I will first introduce the Perceptron in detail by discussing some of its history as well as its mathematical foundations. Subsequently, I will move on to the Perceptron Learning Rule, demonstrating how it improves over time. This is followed by a Python based Perceptron implementation that is finally demonstrated with a real dataset.
Of course, if you want to start working with the Perceptron right away, you can find example code for the Rosenblatt Perceptron in the first section.
If you run into questions during the read, or if you have any comments, please feel free to write a comment in the comment box near the bottom 👇 I'm happy to provide my thoughts and improve this post whenever I'm wrong. I hope to hear from you!
Update 13/Jan/2021: Made article up-to-date. Added quick example to answer question how to implement Rosenblatt Perceptron with Python? Performed changes to article structure. Added links to other articles. It's now ready for 2021!
Some people just want to start with code before they read further. That's why in this section, you'll find a fully functional example of the Rosenblatt Perceptron, created with Python. It shows a class that is initialized, that has a training loop (train
definition) and which can generate predictions once trained (through predict
). If you want to understand the Perceptron in more detail, make sure to read the rest of this tutorial too!
import numpy as np
# Basic Rosenblatt Perceptron implementation
class RBPerceptron:
# Constructor
def __init__(self, number_of_epochs = 100, learning_rate = 0.1):
self.number_of_epochs = number_of_epochs
self.learning_rate = learning_rate
# Train perceptron
def train(self, X, D):
# Initialize weights vector with zeroes
num_features = X.shape[1]
self.w = np.zeros(num_features + 1)
# Perform the epochs
for i in range(self.number_of_epochs):
# For every combination of (X_i, D_i)
for sample, desired_outcome in zip(X, D):
# Generate prediction and compare with desired outcome
prediction = self.predict(sample)
difference = (desired_outcome - prediction)
# Compute weight update via Perceptron Learning Rule
weight_update = self.learning_rate * difference
self.w[1:] += weight_update * sample
self.w[0] += weight_update
return self
# Generate prediction
def predict(self, sample):
outcome = np.dot(sample, self.w[1:]) + self.w[0]
return np.where(outcome > 0, 1, 0)
A Perceptron is a binary classifier that was invented by Frank Rosenblatt in 1958, working on a research project for Cornell Aeronautical Laboratory that was US government funded. It was based on the recent advances with respect to mimicing the human brain, in particular the MCP architecture that was recently invented by McCulloch and Pitts.

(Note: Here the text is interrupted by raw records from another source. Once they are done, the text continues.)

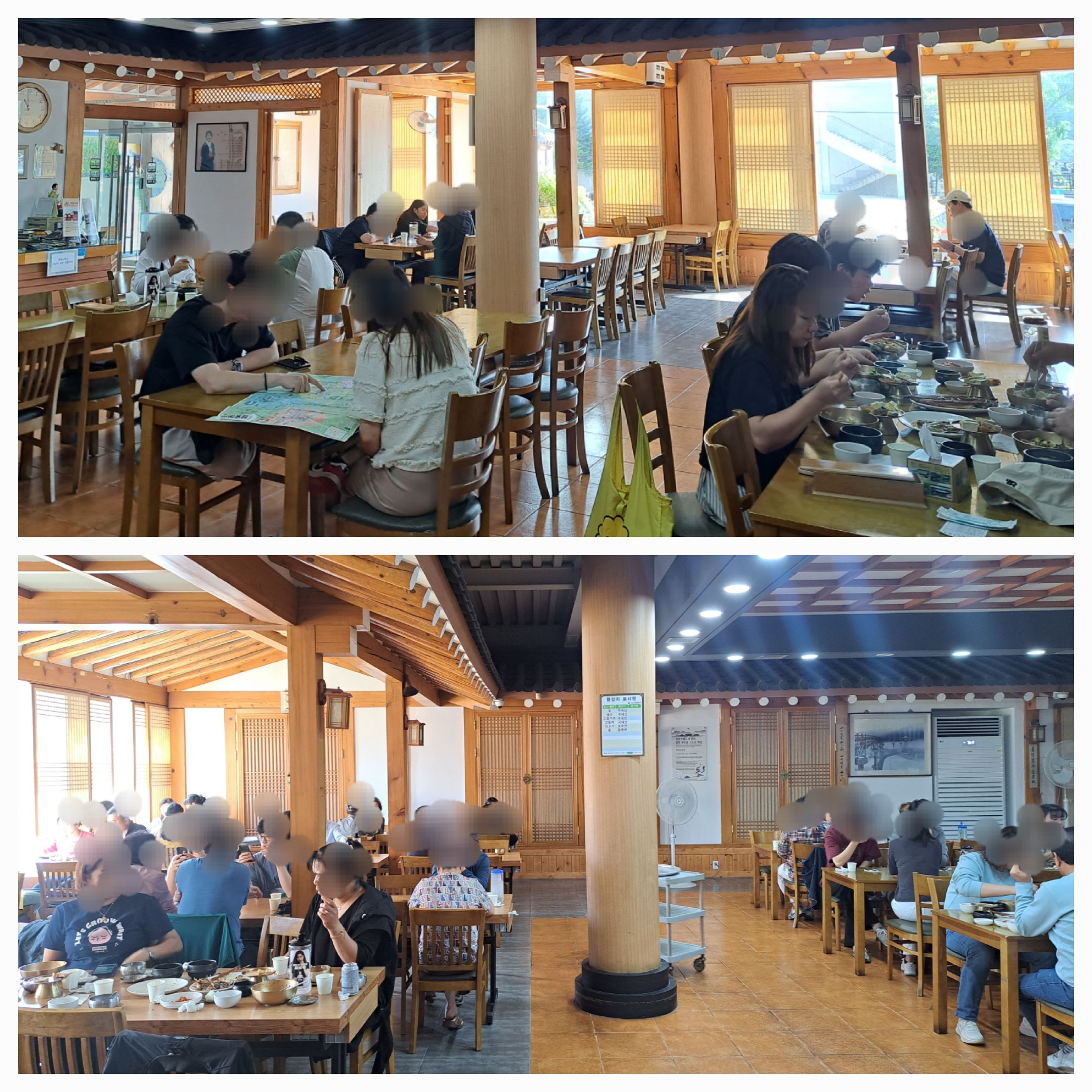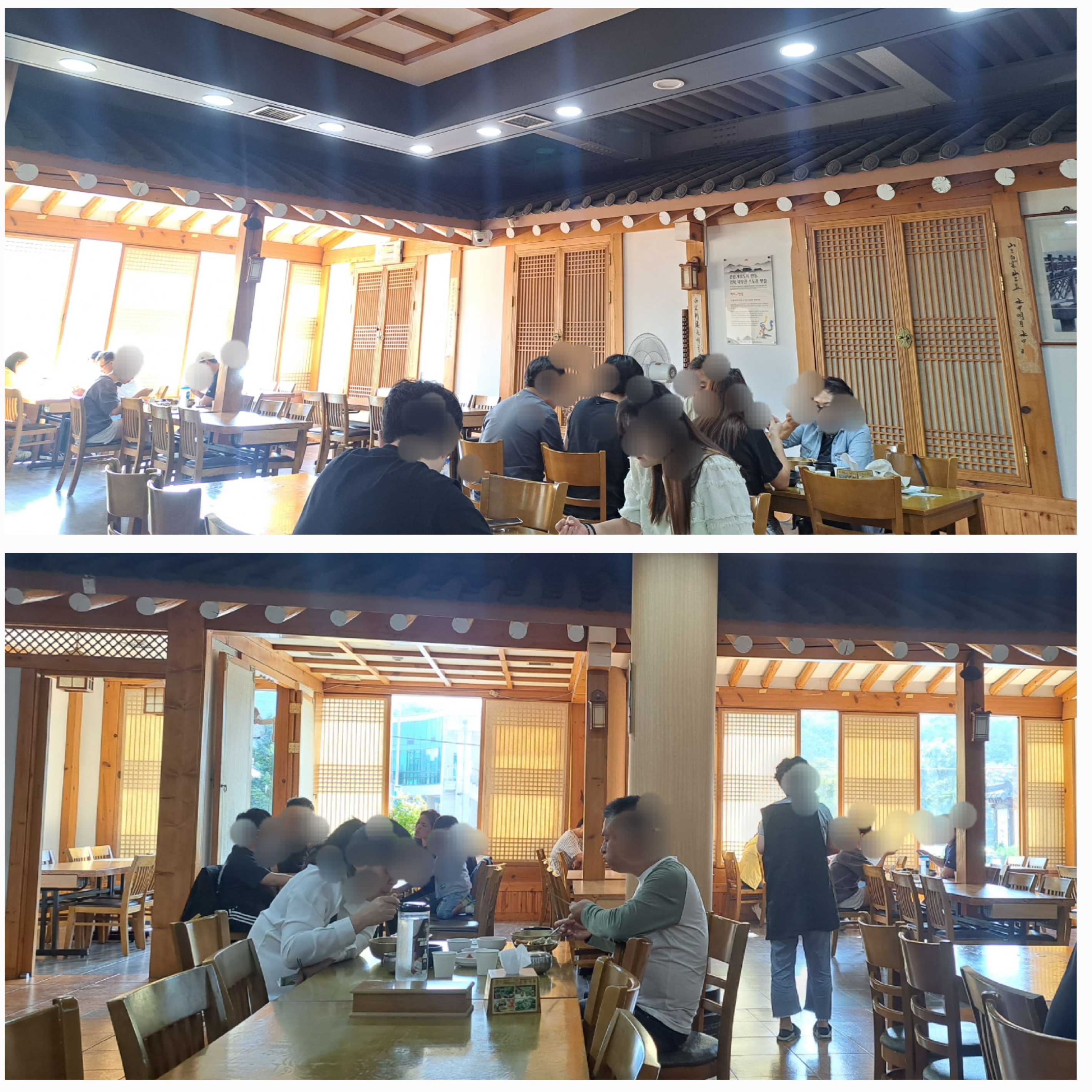 식당내부는 넓고 전통적인 한옥 가옥 인테리어로 꾸며져 있습니다.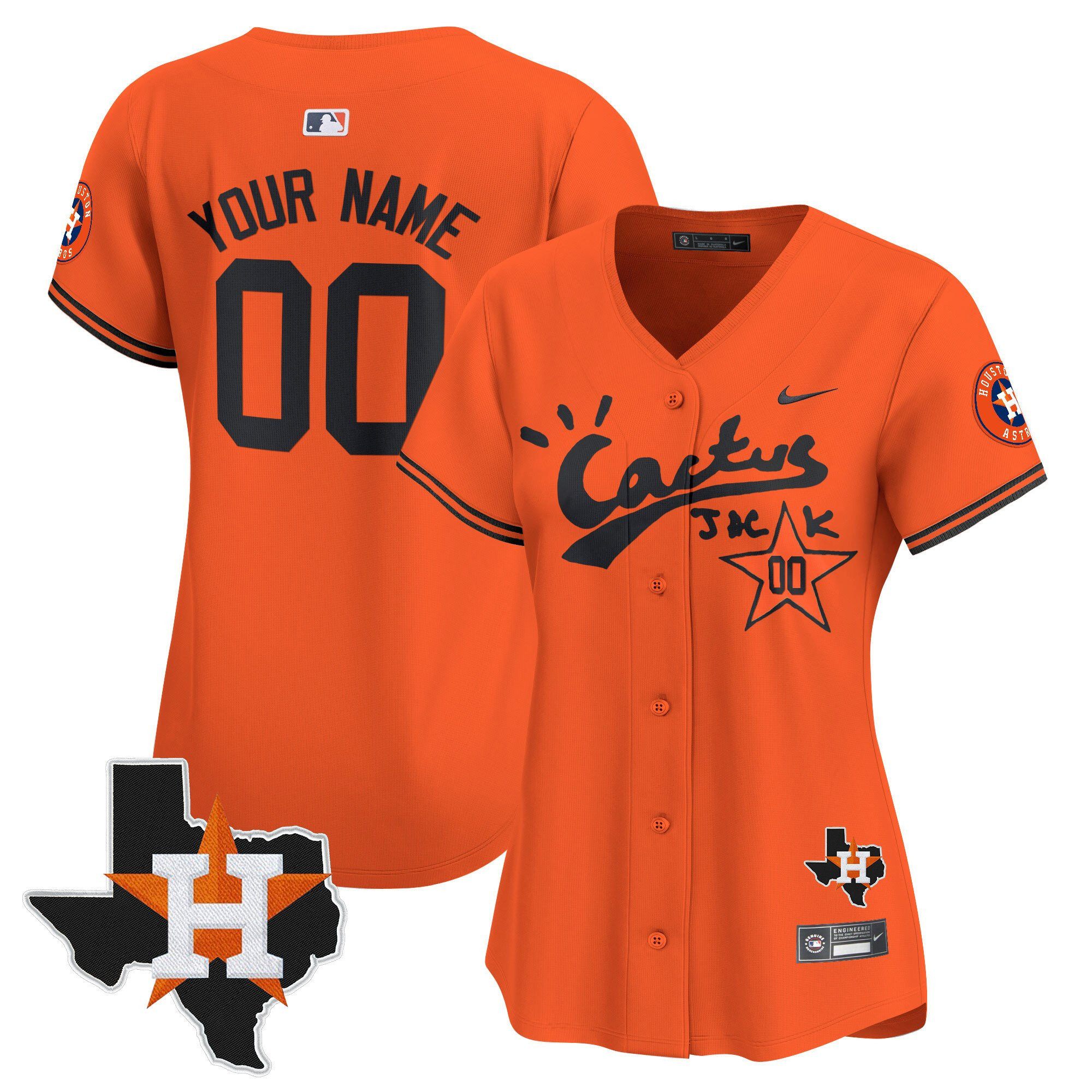 Houston Astros Cactus Jack Houston Patch Customized Limited Women Jersey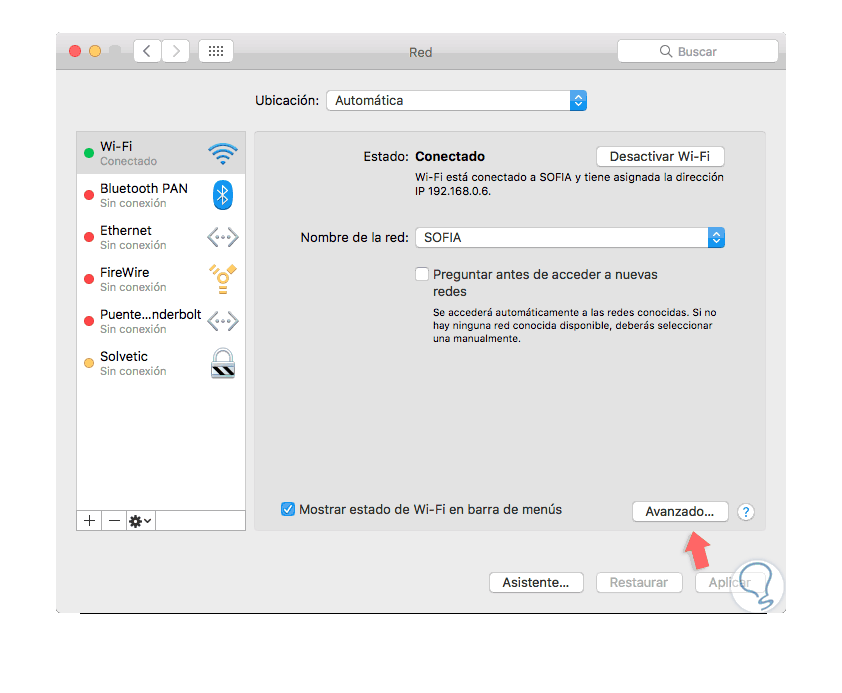 En la ventana desplegada vamos a la sección “Wi-Fi” y allí pulsamos en el botón “Avanzado”: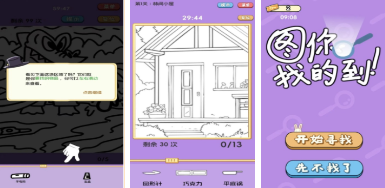 圖你找的到非常考驗(yàn)玩家的觀察能力,進(jìn)入到這個(gè)游戲之后,場(chǎng)景上會(huì)出現(xiàn)一個(gè)沒(méi)有涂色的畫稿,同時(shí)在畫稿下方還會(huì)給出幾個(gè)物品,這些物品會(huì)巧妙的融入到畫作中,玩家需要做的就是在上方的畫作中尋找下方隱藏的物品,每一關(guān)的場(chǎng)景,包括需要找的物品都不一樣,可以通過(guò)拖動(dòng)放大的方式,仔細(xì)查看畫作的每一處細(xì)節(jié),這樣才能在最短的時(shí)間內(nèi)順利找到物品。
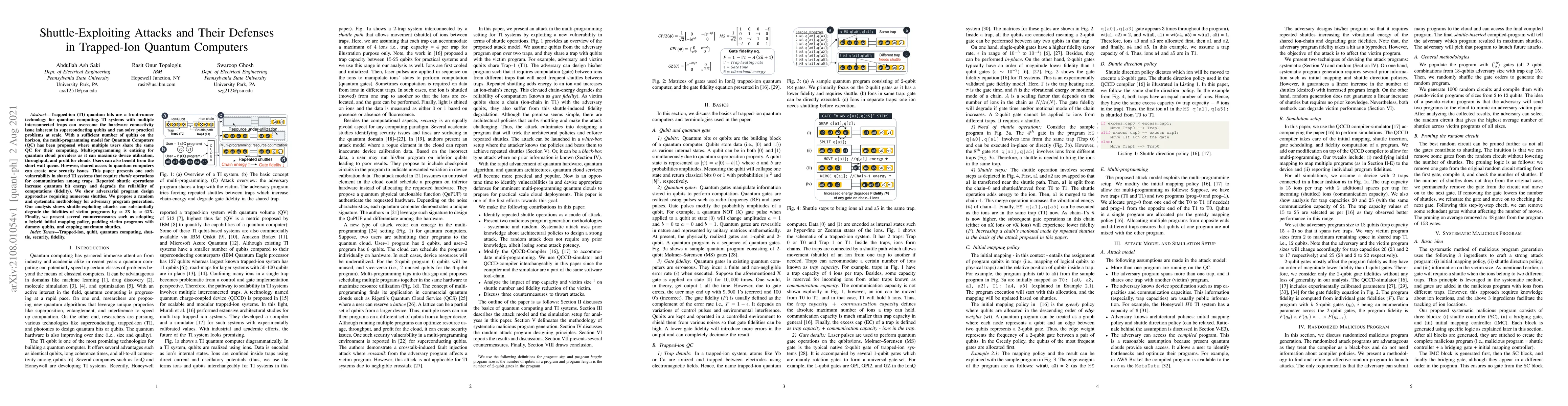 This paper identifies a vulnerability in trapped-ion quantum computers due to shuttle operations for inter-trap communication, which can degrade computation fidelity. It proposes adversarial strategies and countermeasures, including a hybrid mapping policy and program padding, to mitigate the impact of shuttle-exploiting attacks.
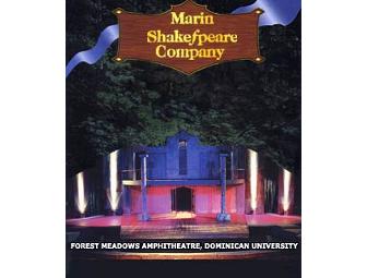 A certificate for two tickets to any performance in the 2012 summer season of the Marin Shakespeare Company. Performances include "King John", "A Midsummer Night's Dream", and "The Liar" all performed at the Forest Meadows Amphitheatre.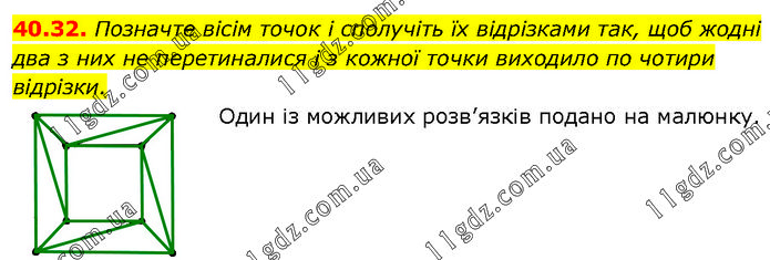 Позначте вісім точок і сполучіть їх відрізками так, щоб жодні два з них не перетиналися і з кожної точки виходило по чотири відрізки. Один із можливих розв’язків подано на малюнку.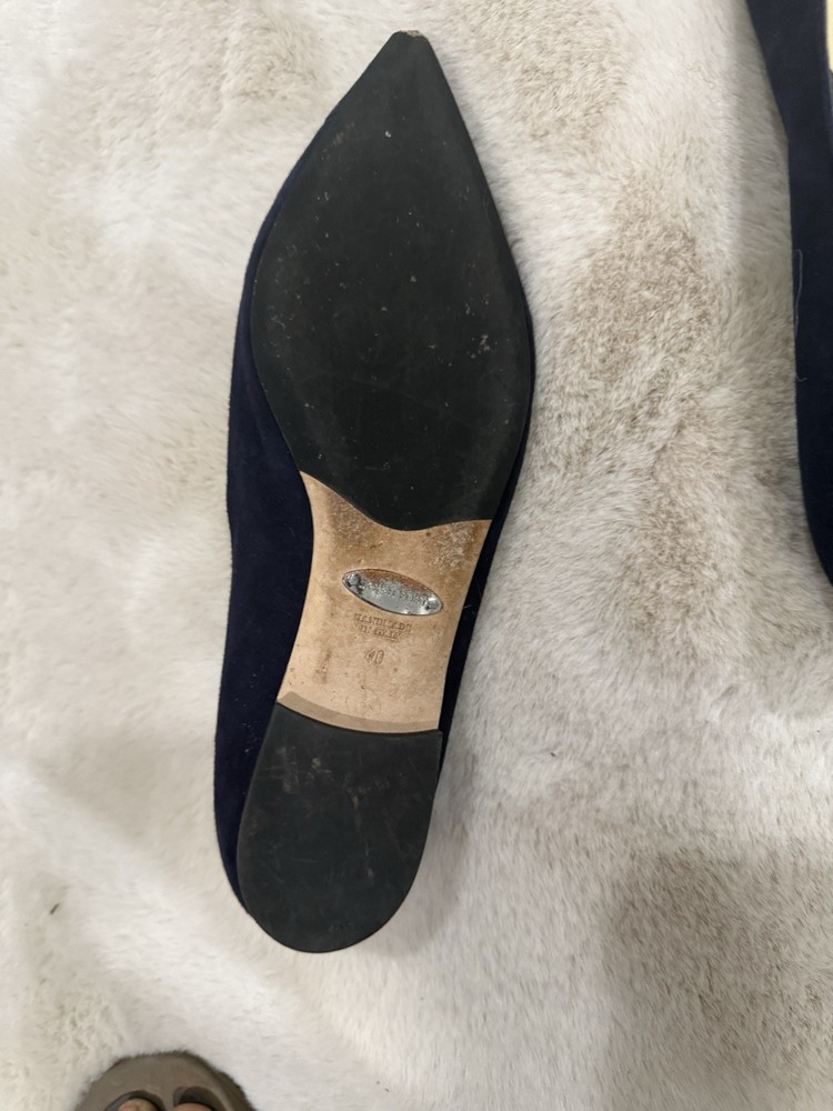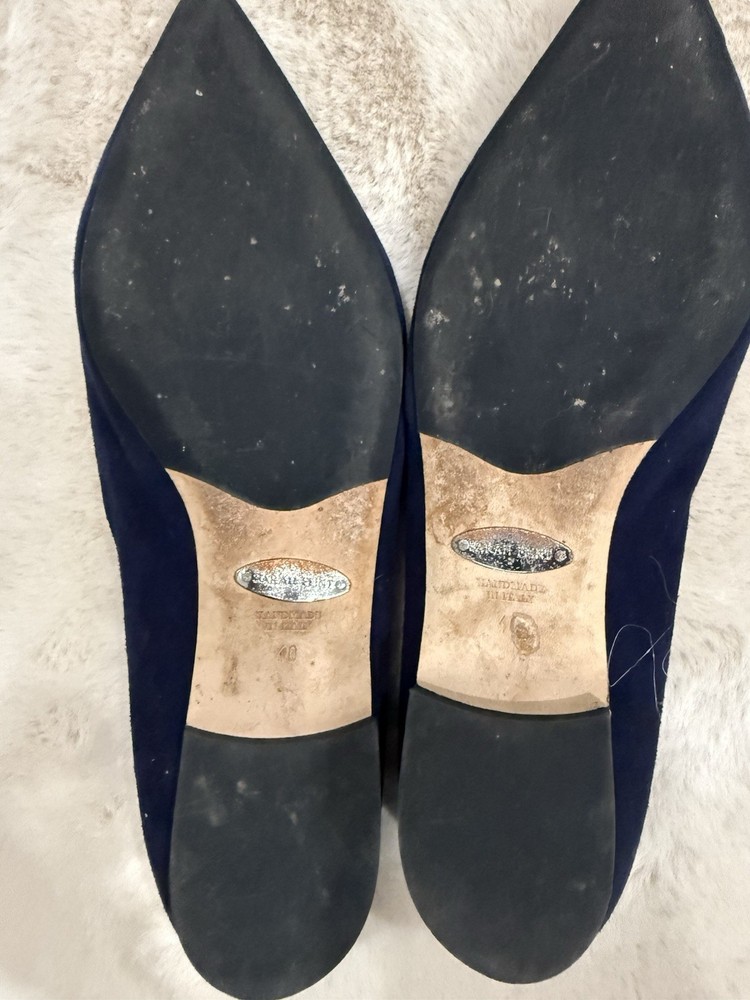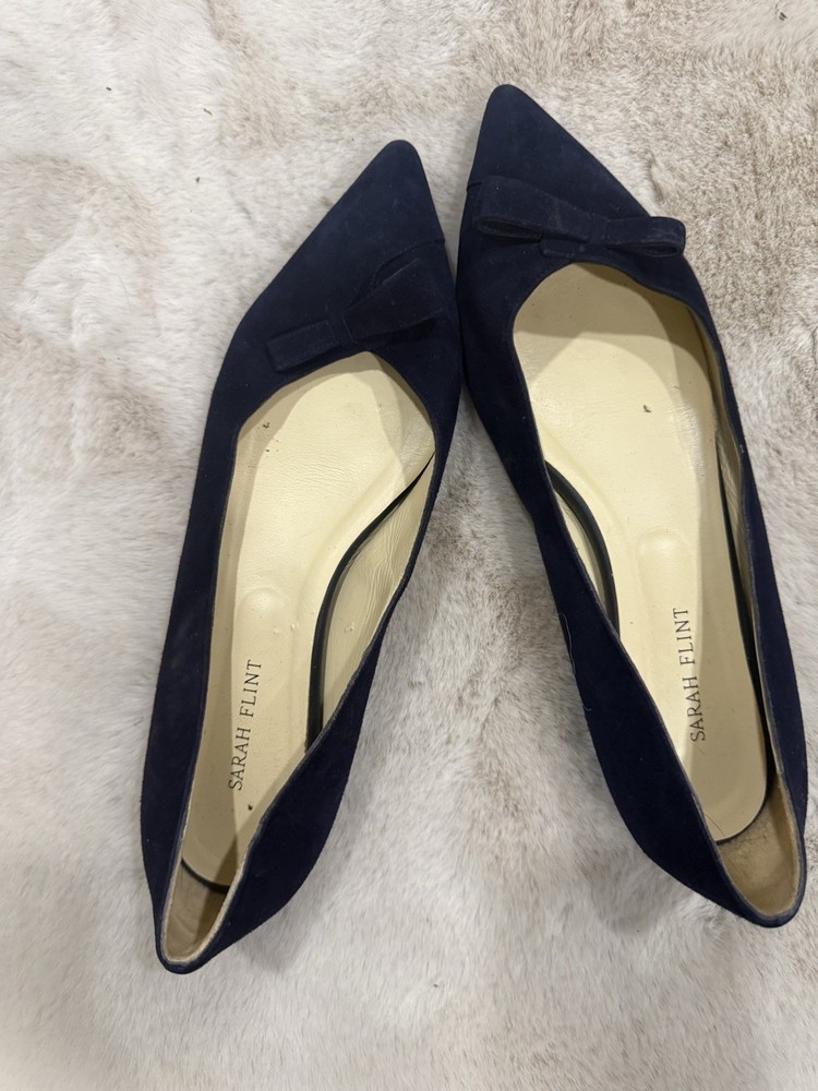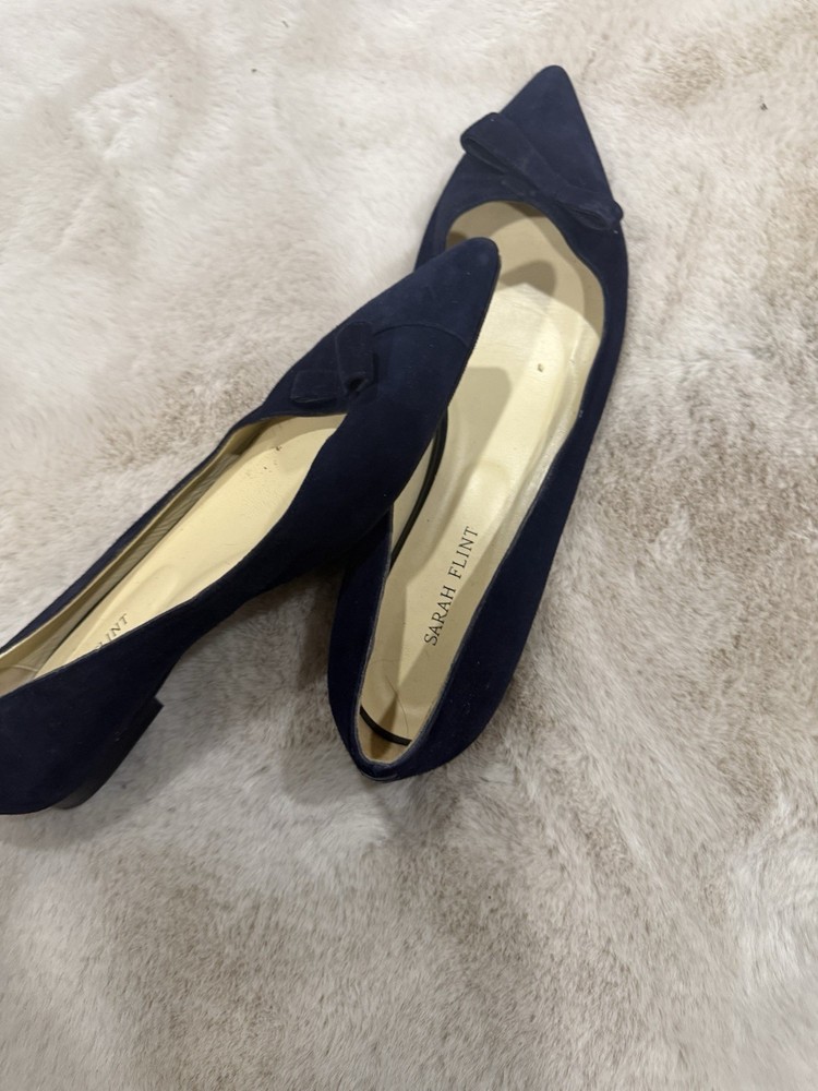 Sarah Flint Navy Suede Pointed Toe Flats with Bow for Women

This architecture attempted to mimic the way neurons operate in the brain: given certain inputs, they fire, and their firing behavior can change over time. By allowing the same to happen in an artificial neuron, researchers at the time argued, machines could become capable of approximating human intelligence.
...well, that was a slight overestimation, I'd say 😄 Nevertheless, the Perceptron lies at the basis of where we've come today. It's therefore a very interesting topic to study deeper. Next, I will therefore scrutinize its mathematical building blocks, before moving on to implementing one in Python.
When you train a supervised machine learning model, it must somehow capture the information that you're giving it. The Perceptron does this by means of a weights vector, or **w**
that determines the exact position of the decision boundary and is learnt from the data.
If you input new data, say in an input vector **x**
, you'll simply have to pinpoint this vector with respect to the learnt weights, to decide on the class.
Mathematically, this is represented as follows:
[mathjax]
\begin{equation} f(x) = \begin{cases} 1, & \text{if}\ \textbf{w}\cdot\textbf{x}+b > 0 \\ 0, & \text{otherwise} \\ \end{cases} \end{equation}
Here, you can see why it is a binary classifier: it simply determines the data to be part of class '0' or class '1'. This is done based on the output of the multiplication of the weights and input vectors, with a bias value added.
When you multiply two vectors, you're computing what is called a dot product. A dot product is the sum of the multiplications of the individual scalars in the vectors, pair-wise. This means that e.g. \(w_1x_1\) is computed and summated together with \(w_2x_2\), \(w_3x_3\) and so on ... until \(w_nx_n\). Mathematically:
\begin{equation} \begin{split} &z=\sum_{i=1}^{n} w_nx_n + b \\ &= w_1x_1 + ... + w_nx_n + b \\ \end{split} \end{equation}
When this output value is larger than 0, it's class 1, otherwise it's class 0. In other words: binary classification.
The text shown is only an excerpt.